The bookmaking odds constantly lag behind the optimism of the agnostic expected goals modelling and simulation, although prior knowledge of the usual fate of title upstarts may account for this reasonably pessimistic stance in the case of the former. No one has gate crashed the title party from outside the usual elite since 1995.

But the Foxes were increasingly taken seriously from all sides following respective wins over Chelsea, Spurs, Liverpool and Man City from week 16 onwards.  

Even when WHU briefly headed Leicester in third place after 10 matches, the Hammers didn't quite possess the underlying expected goals stats and number of earned points to muscle into the probabilistic expected goals title reckoning.

Leicester spent their title teens posting on average around 1.7 expected goals per game while conceding just over 1.3 in return. But when chance creation slipped by a couple of tenths, the defence caught the slack to maintain a healthy positive expected goals difference as they moved from their twenties into early middle age.

Lots of things fell right for Leicester during 2015/16, either at their own hand or the meltdown of other North London rivals.
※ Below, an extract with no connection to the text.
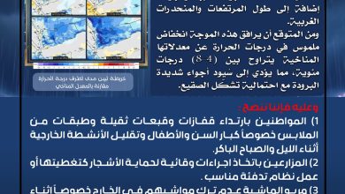 الأرصاد تؤكد تأثر مناطق واسعة من بلادنا بموجة بَرْد مع احتمالية تشكّل الصقيع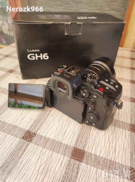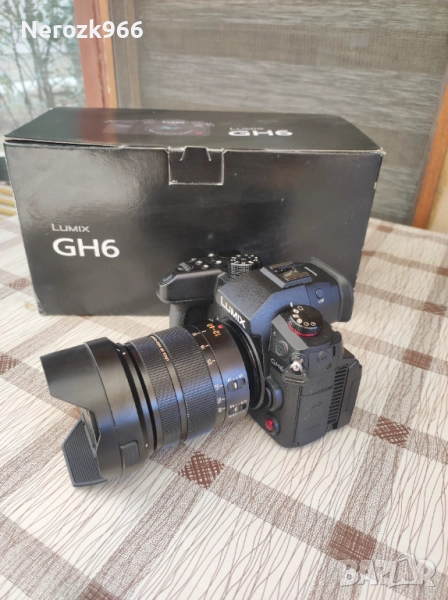 Фотоапарат Panasonic Lumix GH6 с Обектив Panasonic Leica DG Vario-Elmarit 12-60mm f/2.8-4 в много добро състояние в комплект с кутия,книжка,оригинални кабели,оригинална батерия,зарядно към комплекта давам и 1бр.малка LED лампа и 1бр.дъмпи батерия-външна.Фотоапарата и обектива мога да ги дам и поотделно.

But they did provide a valuable lesson. 

Namely, the past, especially a cursory reading of general trends, rather than a deeper examination of expected achievements is only an imperfect indicator of the future for a reasonably young sporting ecosystem, such as the Premier League.

* many of these simulations have been posted on twitter over the season, so other than the natural variation within 10,000 sims using the same input, none have been “tweaked”.